The Northman shook his head. “Starkad’s death will bring Helvin no nearer what lies at his heart; he is oath-bound to take the rule after his father,—so full of fear are they lest quarrels over the inheritance gnaw at the root of the Jarldom. But I will say that I think his rule will prove to be a good thing for the Town, which is now in danger of becoming more lifeless than a bone-heap. From all I have heard of his dislike of making a show of himself and his love of free ways, I have good hopes of him. It has often been in my mind to take service under him when he shall get the leadership. For Starkad I have no respect whatever. It is told that when he was young he was called Starkad the Berserker, and had the most hand in every Viking voyage and man-slaying; but now that the sap has dried in him, and he has put on Olaf the Saint’s religion, he expects all men to live like monks.”
The Skraelling gazed reflectively in the direction of the vanished cavalcade.
“Truth to say, the young braves of my race do not feel much love for the white man,” he said, presently. “He comes among us as one who comes among animals—driving them out to possess himself of their feeding-ground—dealing with them only when he wants profit out of their hides. The grayheads give us counsel to live in peace with the settlers of Norumbega. On the four trading-days of the year when they let us into their walls, they trade us useful things for our furs. But those of us whose teeth are still firm in our jaws do not like it to be led in as white men’s cows are led in to be milked, then turned out to pasture, the bars put up behind them.”
Straightening, he stood a bronze image of wounded pride. The young forester, as he bent to fasten one of his moccasin-strings, looked up at him understandingly. The softening feature of the Northman’s face was his eyes, deep blue as an evening sky, under level brows, broad and dark. When the thong was tied, he put out a hand and rested it on his companion’s bare shoulder.
“Judge not, brother, all of the white race from the behavior of one overbearing old man. It seems to me as if your people and my people should dwell together like sons of one father. Our hands are equally open to a friend, and no less hard-clinched against a foe; and you do not surpass us much in freedom and fearing nothing. When it has befallen the other white men to see the wonder of your woodcraft as I have seen it, and to be sheltered and fed by your hospitality as I have been, there will be much awanting if they do not hold you as high in honor as I do.”
Unbending gravely, the born heir of the forest laid his hand upon the breast of the forest’s adopted son.
“I know good of you; I will try to believe good of your people,” he said. “Come back with me now, brother. The lodge of the sachem, my father, is open to you. Always open to you.”
A second time the Northman shook his head. “That cannot be, comrade, for I came up here to learn a trap secret from an old huntsman, and having got it, I must hasten back and put it to use before I forget it. Do you on your side bear in mind, when next you paddle your bark-boat near the island, that the Tower will offer heartier welcome to none than to you.”
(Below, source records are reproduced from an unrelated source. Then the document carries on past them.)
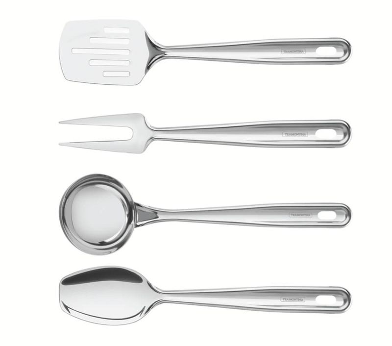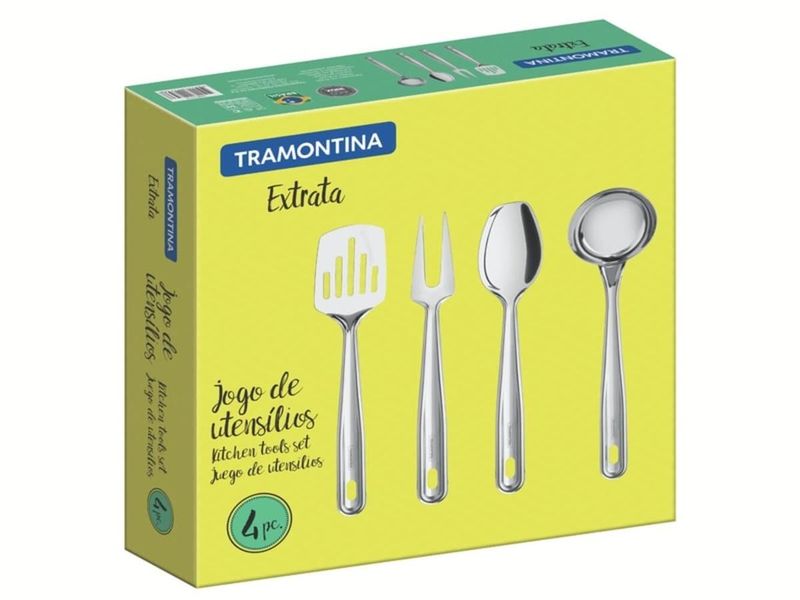 Jogo de Utensílios Tramontina Extrata em Aço Inox 4 Peças REF: 7891116117538
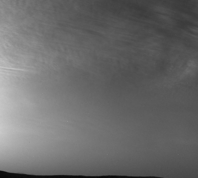 Το Curiosity χρησιμοποίησε τις ασπρόμαυρες κάμερες πλοήγησης για να τραβήξει φωτογραφίες από τα σύννεφα που βρίσκονταν σε ύψος περίπου 31 χιλιομέτρων πάνω από την επιφάνεια του Άρη στις 7 Μαΐου και 12 Μαΐου. Η NASA θεωρεί ότι πρόκειται για σύννεφα νερού-πάγου, το οποίο επιπλέουν στην ατμόσφαιρα του Άρη πρακτικά όλο το χρόνο.
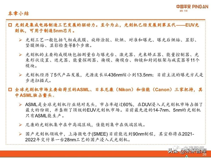 国产光刻机领域中,上海微电子(SMEE) 目前能达到90nm制程,其宣称将在2021- 2022年交付第一台28nm工艺的国产浸入式光刻机。
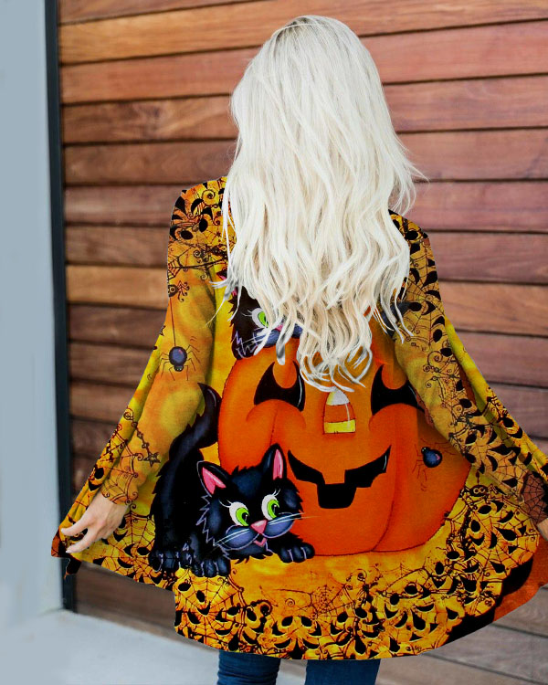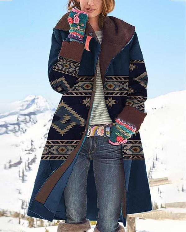 Women Vintage Print Button Long Sleeve Woolen Warm Coat
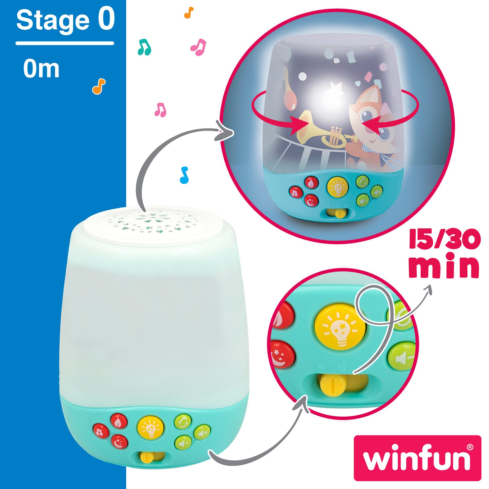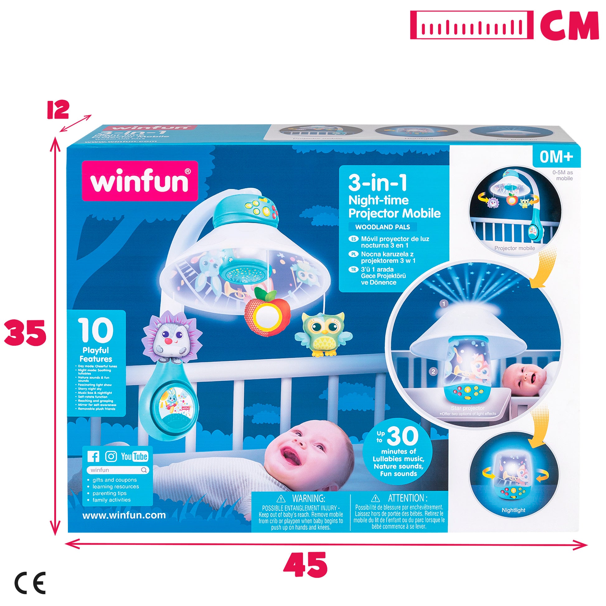 Proyector para bebé Winfun con 3 modos: proyector móvil, luz de noche y proyector de estrellas. El proyector móvil cuenta con 30 minutos de música continua y tres peluches colgantes que giran sobre tu bebé. Incorpora modo diurno con melodías alegres y modo nocturno con música de cuna y de naturaleza. Con botón para ajustar el volumen. Diseñado en colores vivos. Se recomienda para bebés a partir de 0 meses.
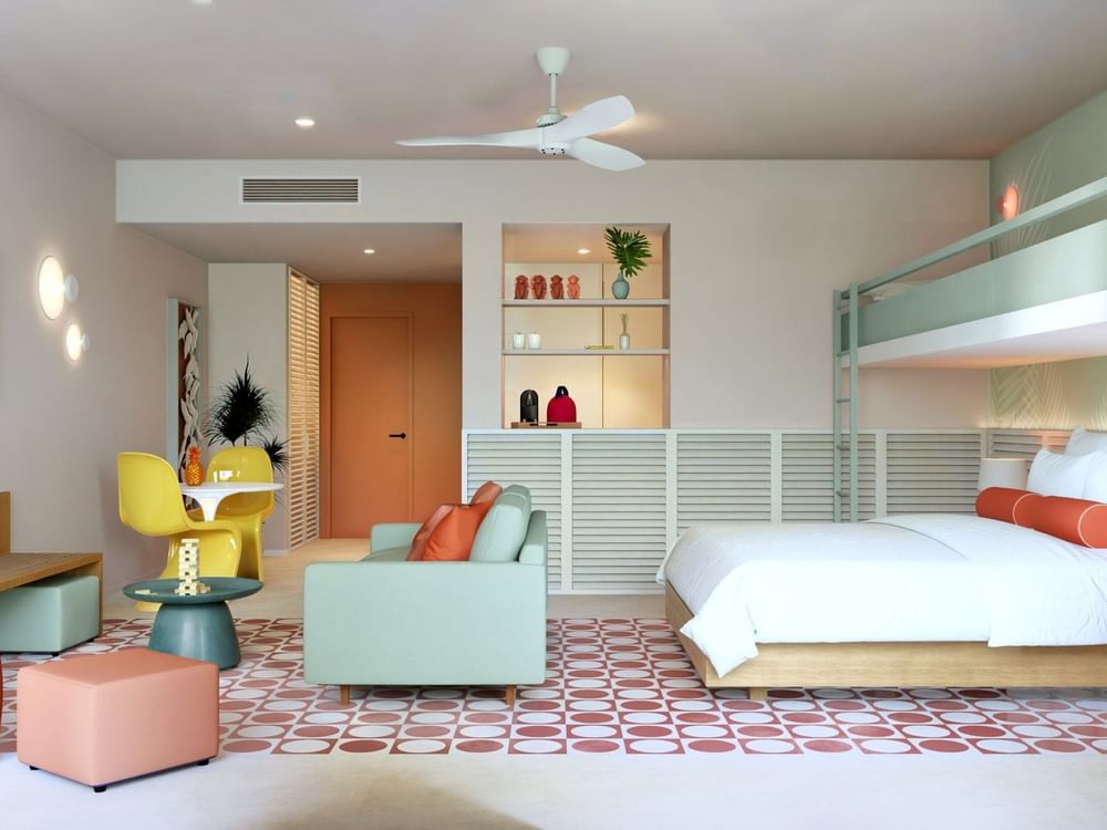 La diversión es parte de esta encantadora suite familiar, ya que posee un acceso directo a la piscina desde tu suite. Cuenta con una hermosa terraza para relajarse con las vistas, una cama King y una litera para recrear la mejor de las experiencias. Todo está incluido, deléitate con las amenidades premium disponibles en tu habitación.
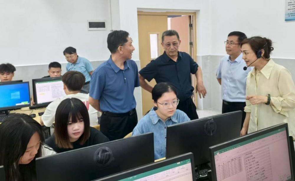 校长张建,党委副书记、常务副校长张文兵,副校长万忠保等领导躬身一线,筑牢实训“保障线”。他们的身影频频出现在热浪翻腾的实训车间与教室。“设备运行如何?”“防暑措施是否到位?”“学生状态怎样?”每一次细致询问与督导,都是对教学质量与师生安全的郑重承诺。后勤专班化身“清凉卫士”,24小时保水保电,食堂精心调剂膳食;教务处、学工处专人全天候值守;各二级学院院长更是扎根一线,与师生并肩作战,有的领导给一线送来清甜西瓜,有的备好了解暑凉茶,点滴关怀织就坚实后盾。

His hand fell from the bronze shoulder to the bronze palm, and with a strong clasp the two men parted,—the red man to melt into the russet shades beside them, the forester to go forward in the wake of the hunting party.
Had it blazed its path with axes, the cavalcade would scarcely have left a plainer track. Wherever foot and hoof had failed to print themselves on the path of leathery leaves, there was always the clew of a bruised lichen or a fern with a broken spine. Swinging along easily, mile after mile, the forester devoted his superfluous breath to humming scraps of melody and his alert eye to reading the fantastic runes. Here a bleeding tangle of wild grape-vine stretched out plundered hands. Yonder a long golden hair, floating like fairy gossamer from a low-growing limb, showed how the forest had exacted weregeld. Still farther on, a patch of flattened moss and ploughed-up earth told sly tales of a horseman brought low. When he came at last to the place where his road branched westward from theirs, he yielded the rune-page with regret.